= Stephanius =

Danish historian (1599–1650)

Stephan Hansen Stephanius (July 23, 1599 – April 22, 1650) was a Danish historian and philologist.
His name is sometimes fully Latinized as "Stephanus Johannis Stephanius"
==Biography==
He was born in Copenhagen, Denmark-Norway. He attended Sorø Academy where his father Hans Stephensen (1561-1625) was a professor and superintendent. He later transferred to Herlufsholm School. He studied at the University of Copenhagen where in 1618 he took the Philosophical Baccalaureus. He subsequently studied at the University of Rostock and University of Leiden. After returning he became rector of Slangerup in 1625 and received his Master's Degree at the University of Copenhagen. In 1639, he became a professor at Sorø Academy and was appointed Royal historiographer.

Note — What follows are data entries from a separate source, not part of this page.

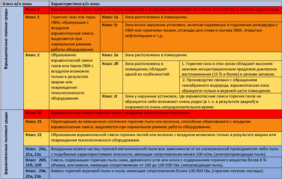 Классификация взрывоопасных зон прописана в Техническом регламенте о требованиях пожарной безопасности (Федеральный закон N 123-ФЗ) и в действующем СП 42 3.1325800.2018. Класс взрывоопасности присваивается зоне в зависимости от того, как часто и как долго там присутствует взрывоопасная смесь. Также класс зависит от типа взрывоопасной среды: газо- и паровоздушные среды создают зоны классов 0, 1, 2, а пылевоздушные – зоны классов 20, 21, 22. У некоторых классов есть подвиды, обозначающие особые характеристики зоны: например, существуют классы 1г, 2б, 21 в. Звучит сложно, поэтому мы подготовили таблицу классификации зон:
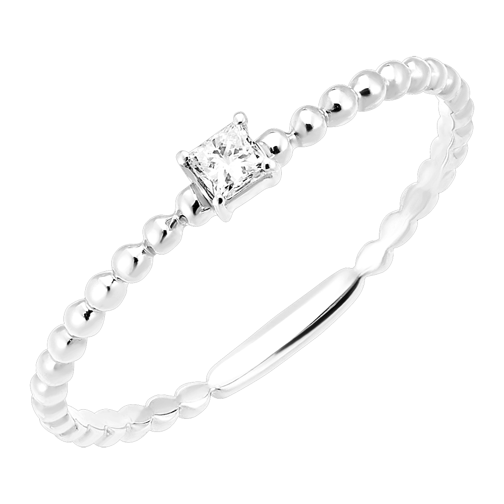 De Bubble Princess Solitaire heeft een witgouden ring met ruches bezet met delicate prinsesgeslepen diamanten voor een moderne elegantie.
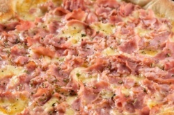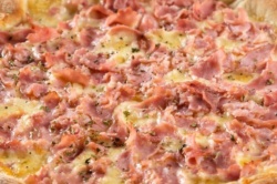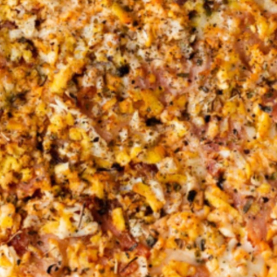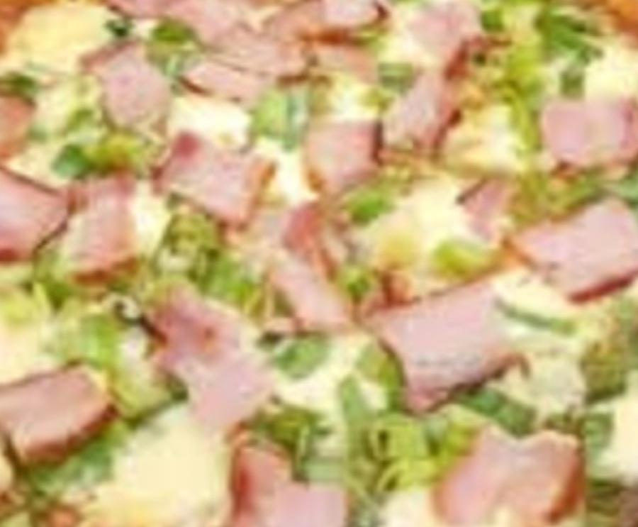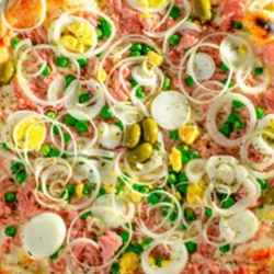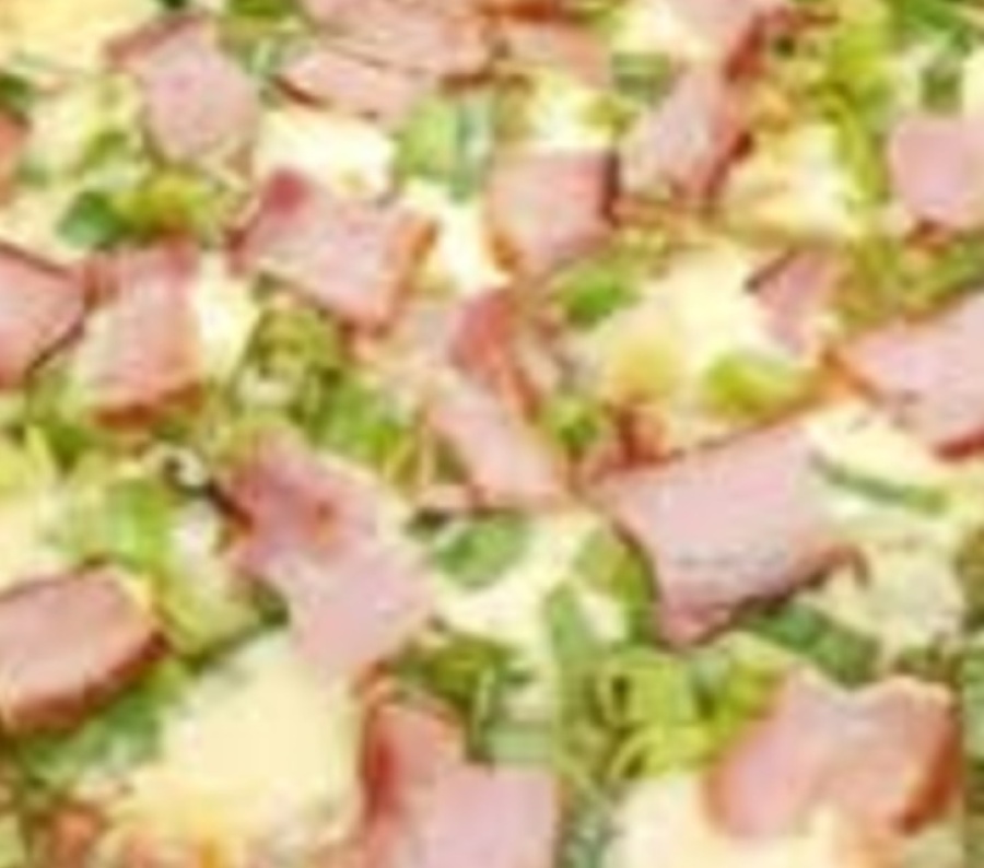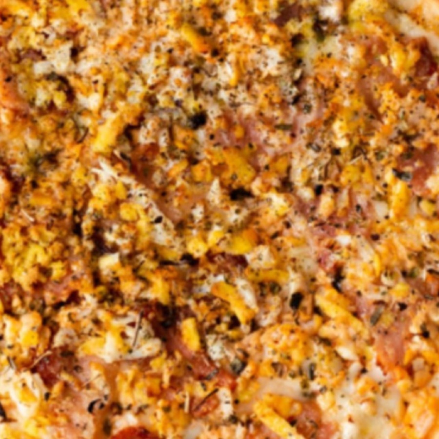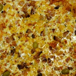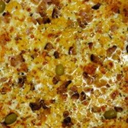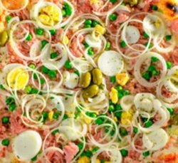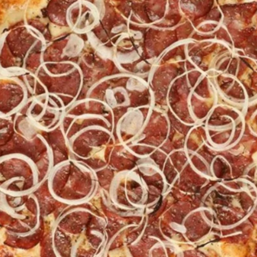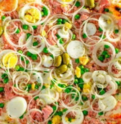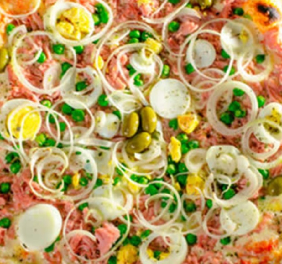 molho especial, muçarela, presunto, calabresa, tomate, cebola, pimentão, milho, ervilha, azeitona, ovo e oréganoPORTUGUESA

He published a Latin edition of Svenonis Aggonis filii, qvæ extant, opuscula in 1642. Gesta Danorum was published in 1645 titled Saxonis Grammatici Historiæ Danicæ Libri XVI.
His notes on the Greek lexicon of Hesychius are included in the edition of that work by Joannes Alberti (Lugd. Bat. 1746); see the Praefatio p. XXXIV. His book collection is now incorporated into the National Library of Sweden in Stockholm.